» Activity
Nothing but an exact repeat of the data, with pictures removed, belongs in the answer.

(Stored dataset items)
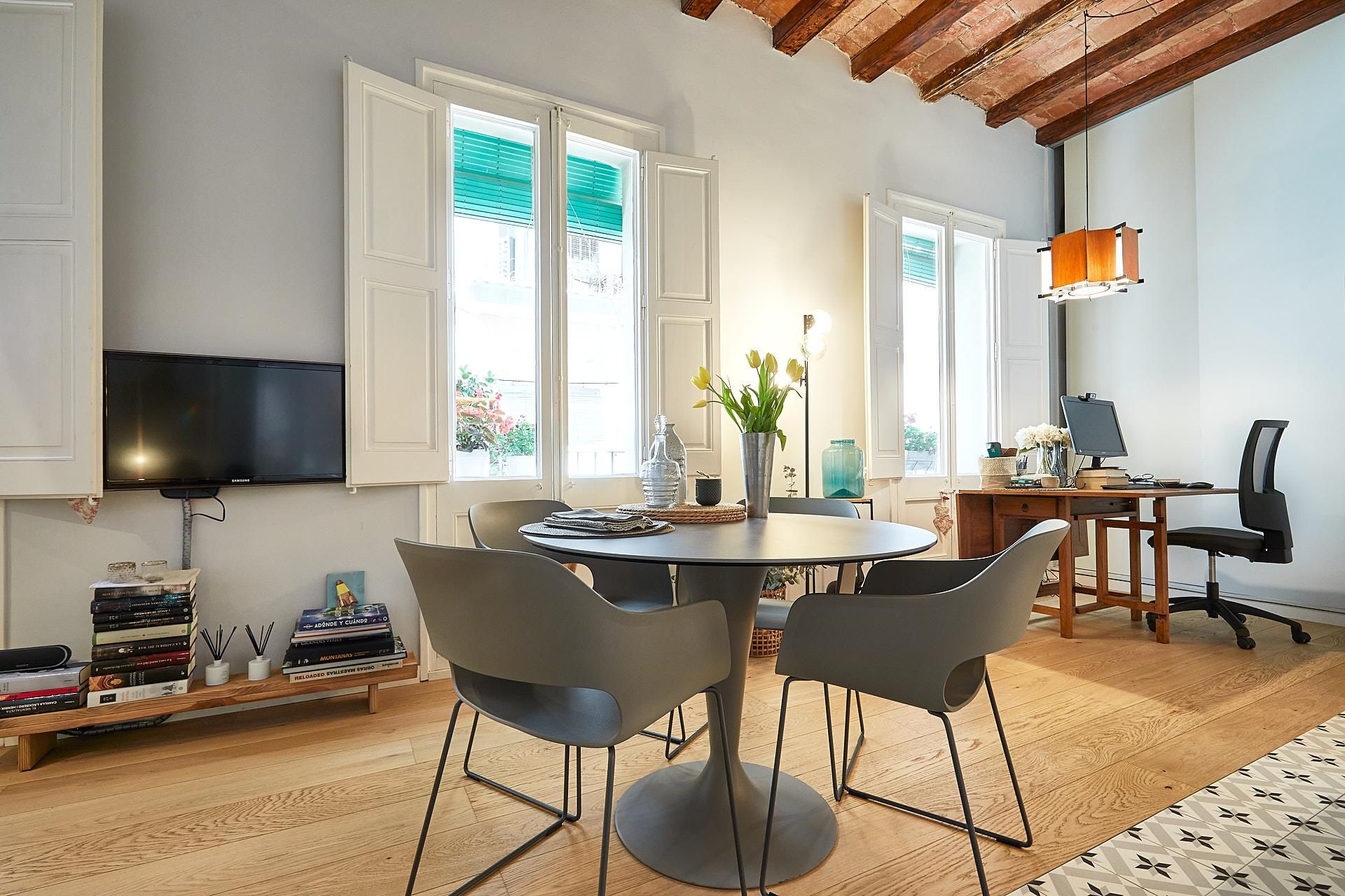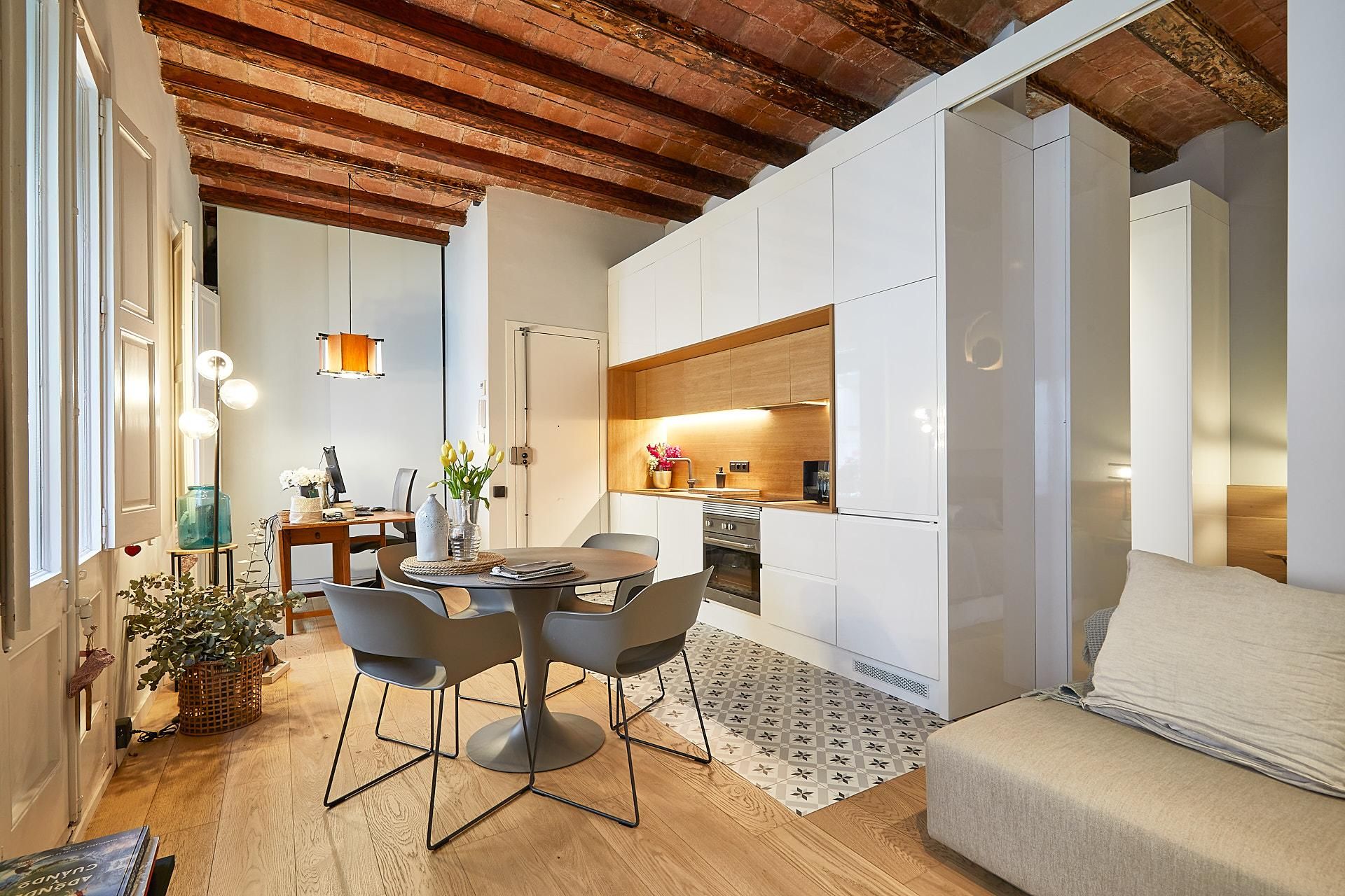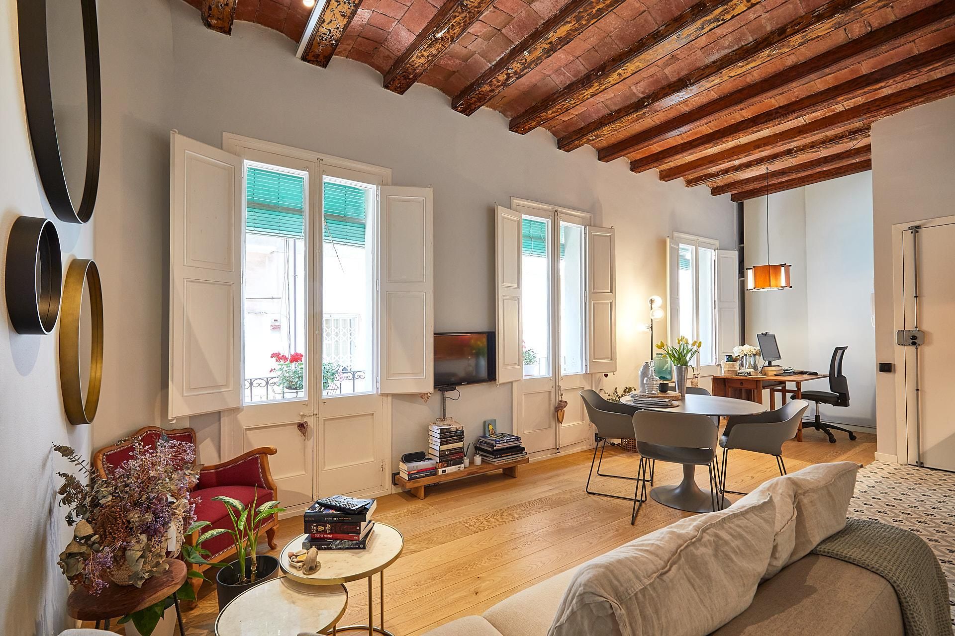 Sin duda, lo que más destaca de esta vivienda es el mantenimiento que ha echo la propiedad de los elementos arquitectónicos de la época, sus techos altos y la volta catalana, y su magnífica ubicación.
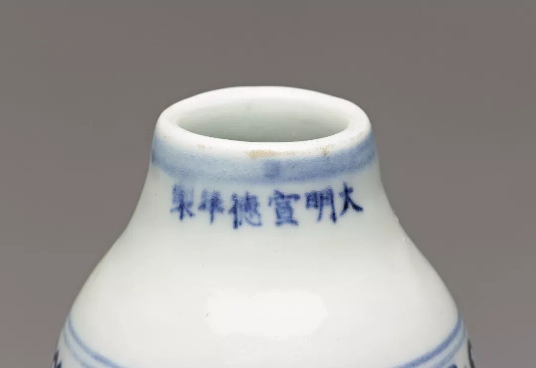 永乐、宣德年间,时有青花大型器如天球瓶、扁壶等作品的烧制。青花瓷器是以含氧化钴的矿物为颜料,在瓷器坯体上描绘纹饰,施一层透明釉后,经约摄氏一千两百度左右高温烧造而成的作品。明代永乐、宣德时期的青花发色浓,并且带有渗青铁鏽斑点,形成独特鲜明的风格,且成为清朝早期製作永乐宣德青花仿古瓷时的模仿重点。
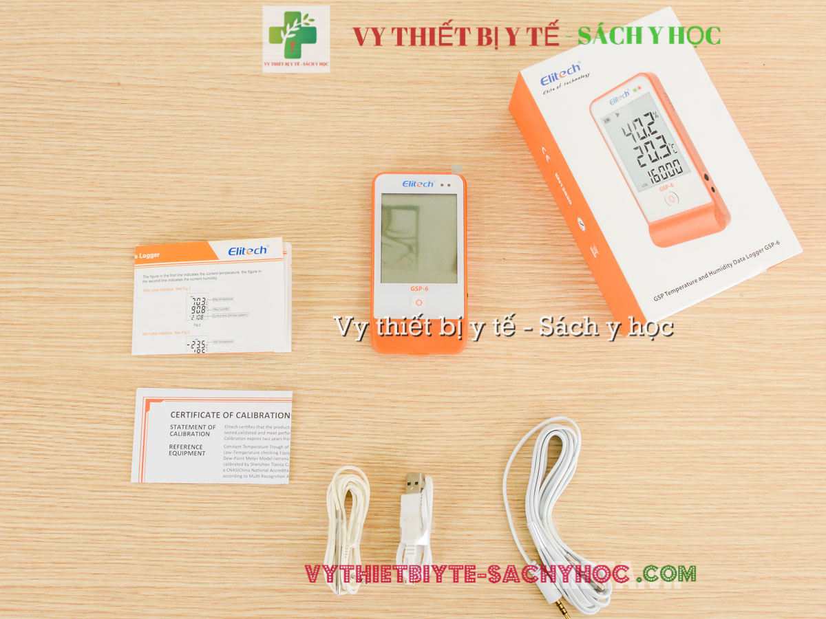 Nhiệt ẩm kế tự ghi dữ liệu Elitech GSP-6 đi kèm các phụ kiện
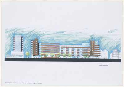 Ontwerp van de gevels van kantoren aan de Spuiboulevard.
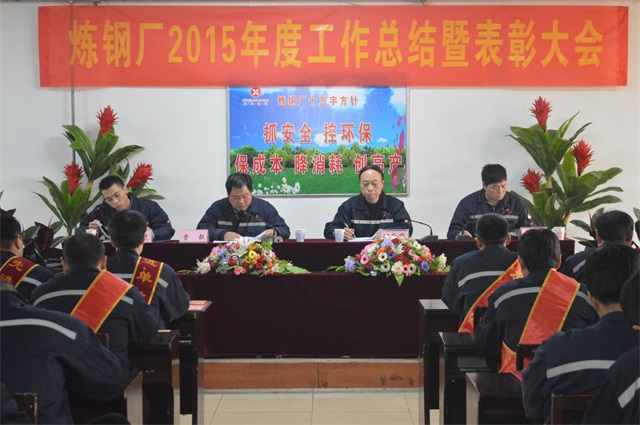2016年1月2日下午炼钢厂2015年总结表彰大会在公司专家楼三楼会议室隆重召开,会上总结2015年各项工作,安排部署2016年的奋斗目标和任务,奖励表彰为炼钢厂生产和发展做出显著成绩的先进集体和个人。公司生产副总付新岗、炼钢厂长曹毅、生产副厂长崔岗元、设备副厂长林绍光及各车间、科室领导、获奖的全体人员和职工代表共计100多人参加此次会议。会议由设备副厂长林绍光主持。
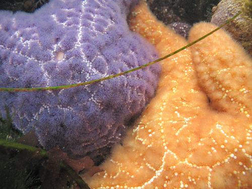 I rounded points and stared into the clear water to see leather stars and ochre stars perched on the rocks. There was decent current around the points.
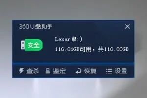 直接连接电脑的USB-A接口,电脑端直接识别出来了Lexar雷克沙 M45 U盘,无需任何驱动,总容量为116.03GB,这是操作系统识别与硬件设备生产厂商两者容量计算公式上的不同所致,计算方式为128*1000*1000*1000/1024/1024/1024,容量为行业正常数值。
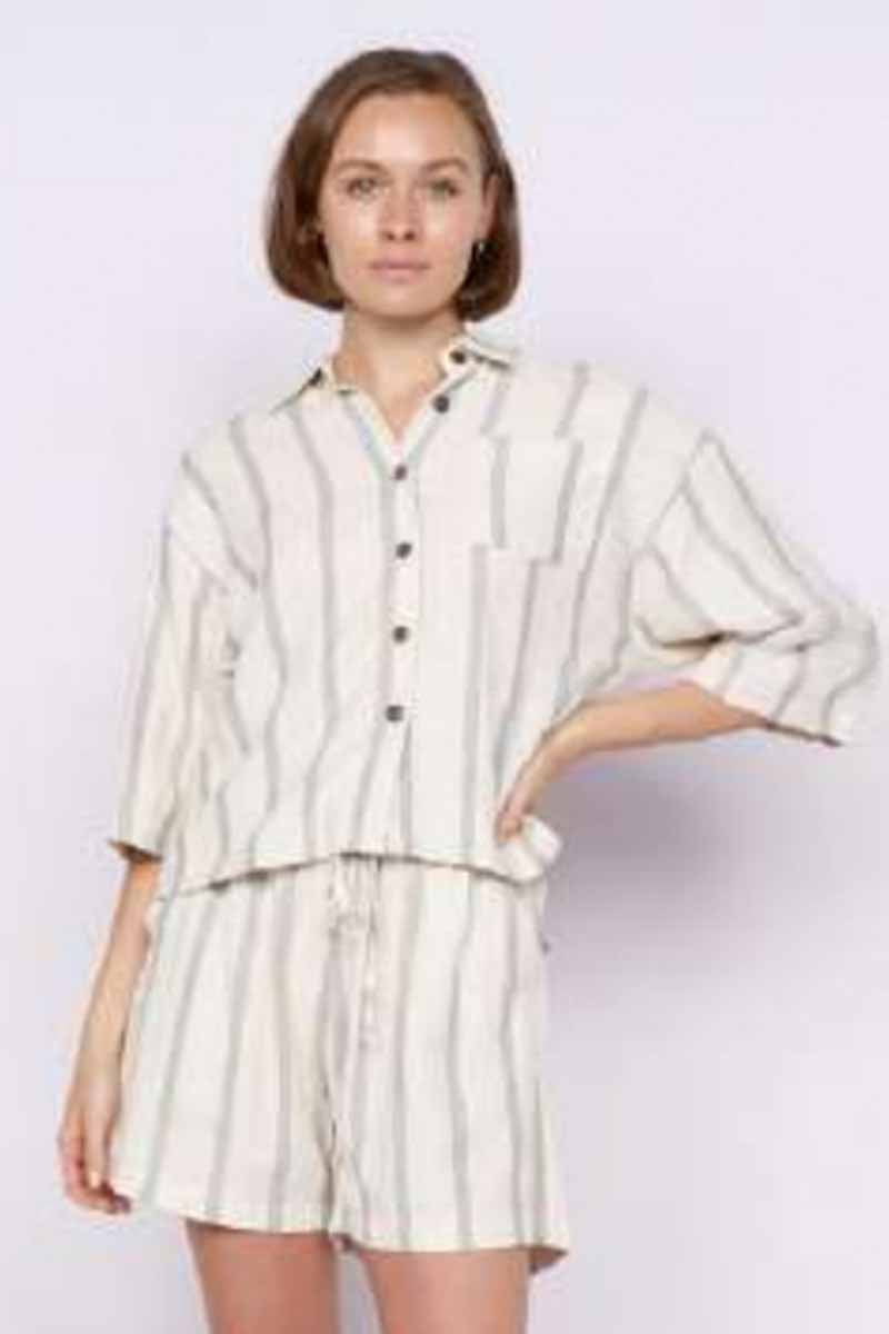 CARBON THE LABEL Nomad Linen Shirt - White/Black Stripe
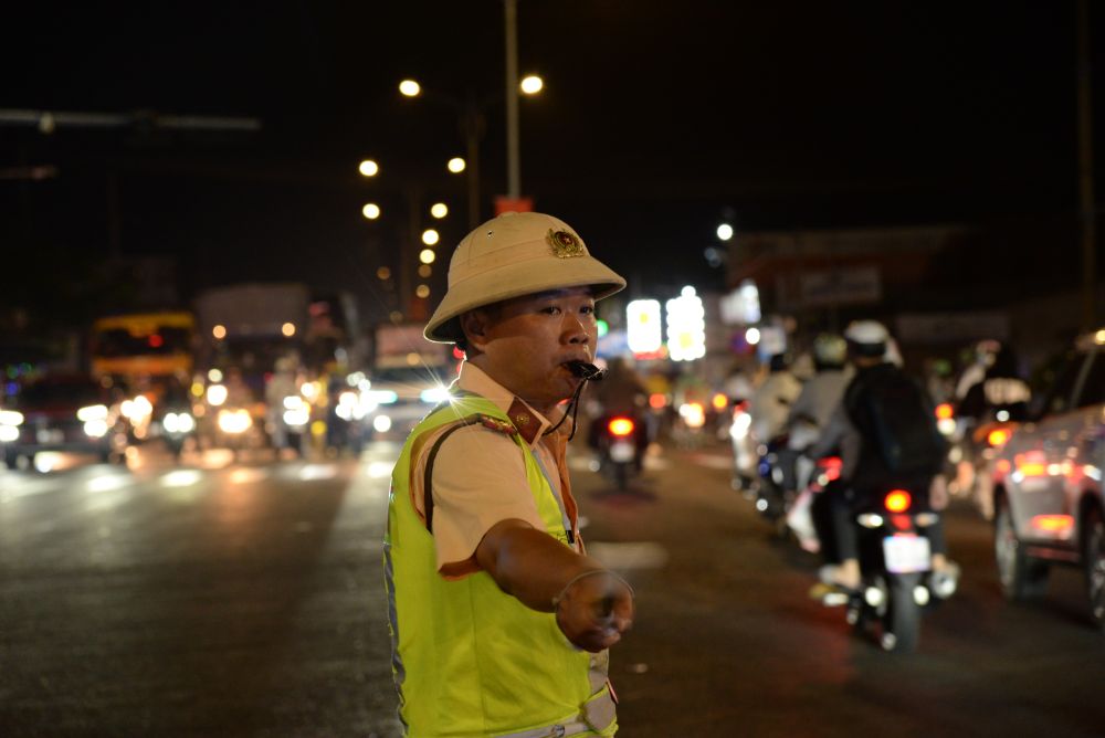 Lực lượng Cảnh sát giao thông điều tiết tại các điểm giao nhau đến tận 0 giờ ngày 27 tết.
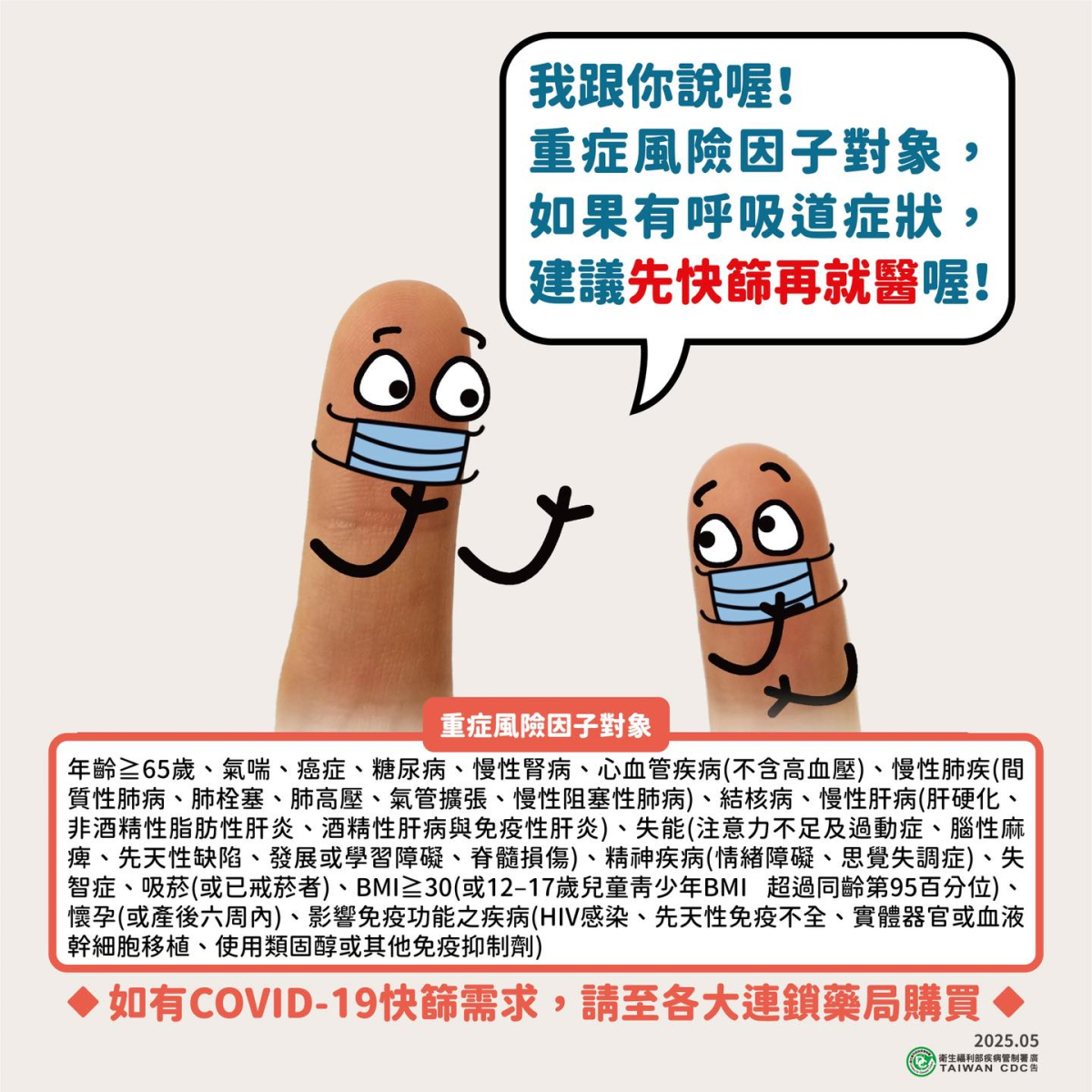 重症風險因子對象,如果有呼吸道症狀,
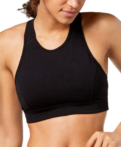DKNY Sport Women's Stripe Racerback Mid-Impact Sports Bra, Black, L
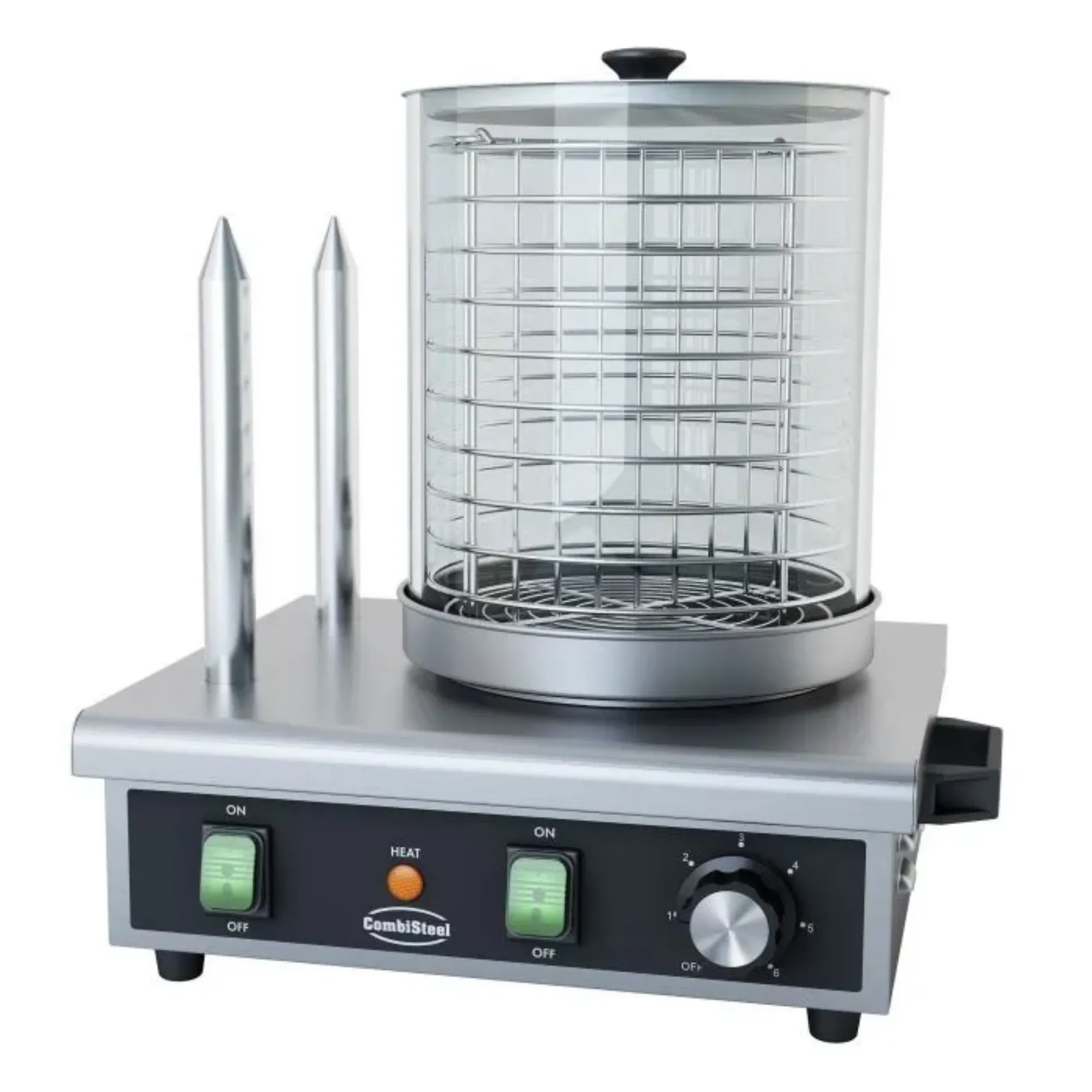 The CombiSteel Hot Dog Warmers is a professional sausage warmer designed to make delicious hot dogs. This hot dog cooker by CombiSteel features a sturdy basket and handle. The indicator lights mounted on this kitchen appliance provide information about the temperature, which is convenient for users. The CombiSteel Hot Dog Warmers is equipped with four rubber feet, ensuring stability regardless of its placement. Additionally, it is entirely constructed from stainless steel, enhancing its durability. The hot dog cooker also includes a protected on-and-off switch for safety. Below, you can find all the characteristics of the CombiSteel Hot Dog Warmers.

» Exercise solution
 Sin duda, lo que más destaca de esta vivienda es el mantenimiento que ha echo la propiedad de los elementos arquitectónicos de la época, sus techos altos y la volta catalana, y su magnífica ubicación.
 永乐、宣德年间,时有青花大型器如天球瓶、扁壶等作品的烧制。青花瓷器是以含氧化钴的矿物为颜料,在瓷器坯体上描绘纹饰,施一层透明釉后,经约摄氏一千两百度左右高温烧造而成的作品。明代永乐、宣德时期的青花发色浓,并且带有渗青铁鏽斑点,形成独特鲜明的风格,且成为清朝早期製作永乐宣德青花仿古瓷时的模仿重点。
 Nhiệt ẩm kế tự ghi dữ liệu Elitech GSP-6 đi kèm các phụ kiện
 Ontwerp van de gevels van kantoren aan de Spuiboulevard.
2016年1月2日下午炼钢厂2015年总结表彰大会在公司专家楼三楼会议室隆重召开,会上总结2015年各项工作,安排部署2016年的奋斗目标和任务,奖励表彰为炼钢厂生产和发展做出显著成绩的先进集体和个人。公司生产副总付新岗、炼钢厂长曹毅、生产副厂长崔岗元、设备副厂长林绍光及各车间、科室领导、获奖的全体人员和职工代表共计100多人参加此次会议。会议由设备副厂长林绍光主持。
 I rounded points and stared into the clear water to see leather stars and ochre stars perched on the rocks. There was decent current around the points.
 直接连接电脑的USB-A接口,电脑端直接识别出来了Lexar雷克沙 M45 U盘,无需任何驱动,总容量为116.03GB,这是操作系统识别与硬件设备生产厂商两者容量计算公式上的不同所致,计算方式为128*1000*1000*1000/1024/1024/1024,容量为行业正常数值。
 CARBON THE LABEL Nomad Linen Shirt - White/Black Stripe
 Lực lượng Cảnh sát giao thông điều tiết tại các điểm giao nhau đến tận 0 giờ ngày 27 tết.
 重症風險因子對象,如果有呼吸道症狀,
DKNY Sport Women's Stripe Racerback Mid-Impact Sports Bra, Black, L
 The CombiSteel Hot Dog Warmers is a professional sausage warmer designed to make delicious hot dogs. This hot dog cooker by CombiSteel features a sturdy basket and handle. The indicator lights mounted on this kitchen appliance provide information about the temperature, which is convenient for users. The CombiSteel Hot Dog Warmers is equipped with four rubber feet, ensuring stability regardless of its placement. Additionally, it is entirely constructed from stainless steel, enhancing its durability. The hot dog cooker also includes a protected on-and-off switch for safety. Below, you can find all the characteristics of the CombiSteel Hot Dog Warmers.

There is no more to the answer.